Here’s What You Must Do to Get Your Daily Vitamin D Without Sacrificing Skin Protection
Wearing sunscreen is mandatory if you’re going to spend time in the sun, especially between 10 a.m. to 2 p.m.. The sun’s harmful UV radiation can cause skin cancer and speed up signs of aging (like wrinkles, lines, and roughness of your skin).
But what should you do about your sunscreen blocking 99 percent of your skin’s vitamin D production? You can up your dietary intake of vitamin D by incorporating your own vitamin D-infused mushrooms into your daily diet.
The American College of Healthcare Sciences says that if you place your grocery-bought mushrooms on a sunny windowsill for a couple of hours, they’ll start making vitamin D via similar chemical processes that happen when your skin is exposed to sunlight.
Any mushroom will do, but different mushrooms produce varying levels of vitamin D. For example, every 100 grams of portabella mushrooms make 835 IU of vitamin D. You should choose mushrooms based on their nutrition and not their vitamin D-producing capacity. Among the top picks are shiitake and chaga mushrooms, which have some of the highest antioxidant activities and are being investigated as potential supplemental cancer therapies.
Eating your naturally vitamin D-enriched mushrooms as a dietary source of vitamin D is the solution that lets you up your vitamin D levels without resorting to eating more mercury-contaminated fish or unhealthy dairy products, or exposing yourself to more harmful UV radiation.

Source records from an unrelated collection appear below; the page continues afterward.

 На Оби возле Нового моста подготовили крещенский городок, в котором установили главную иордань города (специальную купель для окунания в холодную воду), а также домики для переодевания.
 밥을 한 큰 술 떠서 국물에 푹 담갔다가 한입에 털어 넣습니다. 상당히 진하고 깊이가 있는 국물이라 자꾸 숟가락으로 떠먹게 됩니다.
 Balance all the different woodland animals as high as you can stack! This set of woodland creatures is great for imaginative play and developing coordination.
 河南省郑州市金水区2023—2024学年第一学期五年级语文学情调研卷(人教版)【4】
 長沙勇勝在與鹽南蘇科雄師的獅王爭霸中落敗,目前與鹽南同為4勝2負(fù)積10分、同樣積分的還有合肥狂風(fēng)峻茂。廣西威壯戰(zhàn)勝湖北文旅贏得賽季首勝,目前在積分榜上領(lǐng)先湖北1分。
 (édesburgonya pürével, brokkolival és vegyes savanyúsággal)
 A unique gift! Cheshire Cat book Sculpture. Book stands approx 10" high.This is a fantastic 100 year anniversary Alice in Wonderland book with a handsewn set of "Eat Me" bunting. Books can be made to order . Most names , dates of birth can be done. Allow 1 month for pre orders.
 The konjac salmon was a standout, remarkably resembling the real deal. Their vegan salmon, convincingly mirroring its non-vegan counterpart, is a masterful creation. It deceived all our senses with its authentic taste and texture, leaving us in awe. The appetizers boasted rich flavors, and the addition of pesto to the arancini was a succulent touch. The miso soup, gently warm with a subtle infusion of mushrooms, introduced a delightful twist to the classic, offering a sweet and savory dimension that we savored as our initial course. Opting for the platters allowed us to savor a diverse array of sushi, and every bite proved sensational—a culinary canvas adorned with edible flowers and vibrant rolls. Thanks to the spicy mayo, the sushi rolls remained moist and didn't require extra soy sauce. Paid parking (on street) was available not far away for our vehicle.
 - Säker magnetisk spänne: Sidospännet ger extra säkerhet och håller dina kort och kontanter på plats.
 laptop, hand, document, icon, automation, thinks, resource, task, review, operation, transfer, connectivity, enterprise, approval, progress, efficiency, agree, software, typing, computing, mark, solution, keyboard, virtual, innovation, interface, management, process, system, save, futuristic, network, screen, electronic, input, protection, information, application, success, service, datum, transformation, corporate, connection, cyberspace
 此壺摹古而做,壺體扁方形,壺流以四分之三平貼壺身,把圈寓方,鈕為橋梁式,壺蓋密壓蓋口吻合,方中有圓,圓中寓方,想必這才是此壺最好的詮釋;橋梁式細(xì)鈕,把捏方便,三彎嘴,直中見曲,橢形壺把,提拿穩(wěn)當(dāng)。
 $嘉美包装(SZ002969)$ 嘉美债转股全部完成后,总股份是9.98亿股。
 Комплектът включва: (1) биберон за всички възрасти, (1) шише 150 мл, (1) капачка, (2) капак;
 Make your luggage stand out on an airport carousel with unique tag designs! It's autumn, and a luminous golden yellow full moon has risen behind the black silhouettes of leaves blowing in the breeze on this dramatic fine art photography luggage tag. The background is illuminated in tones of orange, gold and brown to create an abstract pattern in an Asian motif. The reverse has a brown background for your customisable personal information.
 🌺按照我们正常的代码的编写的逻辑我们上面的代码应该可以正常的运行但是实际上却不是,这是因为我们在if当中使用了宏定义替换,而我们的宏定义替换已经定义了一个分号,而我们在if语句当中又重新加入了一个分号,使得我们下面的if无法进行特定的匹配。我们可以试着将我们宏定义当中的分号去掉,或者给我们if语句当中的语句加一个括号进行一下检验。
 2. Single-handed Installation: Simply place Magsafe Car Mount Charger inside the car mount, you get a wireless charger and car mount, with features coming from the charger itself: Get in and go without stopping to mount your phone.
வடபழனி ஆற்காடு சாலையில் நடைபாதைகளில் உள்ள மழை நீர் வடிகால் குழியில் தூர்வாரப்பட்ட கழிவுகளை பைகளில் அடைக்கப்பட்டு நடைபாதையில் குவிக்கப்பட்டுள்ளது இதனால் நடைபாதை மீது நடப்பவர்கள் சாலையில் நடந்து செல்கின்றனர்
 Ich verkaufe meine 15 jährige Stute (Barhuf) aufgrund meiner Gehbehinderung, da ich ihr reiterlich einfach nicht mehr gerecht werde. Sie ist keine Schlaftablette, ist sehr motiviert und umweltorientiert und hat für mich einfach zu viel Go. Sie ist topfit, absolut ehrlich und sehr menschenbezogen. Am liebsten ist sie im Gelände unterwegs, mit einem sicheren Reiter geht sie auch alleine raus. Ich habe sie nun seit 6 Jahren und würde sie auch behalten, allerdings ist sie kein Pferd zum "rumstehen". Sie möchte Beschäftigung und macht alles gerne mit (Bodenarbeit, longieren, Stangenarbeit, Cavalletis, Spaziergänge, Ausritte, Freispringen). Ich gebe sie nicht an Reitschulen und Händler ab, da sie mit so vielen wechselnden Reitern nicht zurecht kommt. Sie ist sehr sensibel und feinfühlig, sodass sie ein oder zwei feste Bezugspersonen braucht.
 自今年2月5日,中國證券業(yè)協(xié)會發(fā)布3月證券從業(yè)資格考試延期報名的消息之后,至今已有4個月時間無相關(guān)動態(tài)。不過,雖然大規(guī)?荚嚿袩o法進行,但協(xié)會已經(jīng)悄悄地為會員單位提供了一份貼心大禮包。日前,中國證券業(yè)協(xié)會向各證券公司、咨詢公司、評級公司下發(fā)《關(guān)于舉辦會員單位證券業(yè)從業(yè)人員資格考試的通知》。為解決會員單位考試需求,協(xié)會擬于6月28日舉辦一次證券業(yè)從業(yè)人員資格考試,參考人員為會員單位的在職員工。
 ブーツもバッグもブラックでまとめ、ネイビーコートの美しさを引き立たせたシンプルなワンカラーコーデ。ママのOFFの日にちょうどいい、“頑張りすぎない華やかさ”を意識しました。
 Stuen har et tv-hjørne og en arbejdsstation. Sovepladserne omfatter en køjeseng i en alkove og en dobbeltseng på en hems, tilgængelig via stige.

Mushrooms are vegan-friendly and a clean source of protein and omega-3 fatty acids, which do wonders for your brain and heart. They’re also filled with antioxidants and nice sources of some vitamins and minerals.
Unlike dairy products, these holistically healthy properties are why health buffs encourage you to incorporate mushrooms into your daily diet as a replacement for proteins sourced from meat, which have been found to increase your risk for cancer by 13 percent. (Whereas mushrooms’ antioxidants fight cancer.)
You can also take a daily vitamin D supplement, but here you run the risk of a vitamin D overdose if you don’t watch your dosage. Vitamin D supplements are also less economically savvy than mushrooms because all you’re getting is pure vitamin D without the additional natural nutrients of mushrooms, which are cheaper than the supplements.
Now that you’re more aware of vitamin D’s role in your holistic health, you should up your dietary intake by mixing your sunbathed-mushrooms into your daily salads and meals. Continue wearing sunscreen because it protects your skin from cancer and accelerated aging from contact with the sun. If you’re breastfeeding an infant, it’s important to double your vitamin D intake because you’re the main source of your baby’s vitamin D.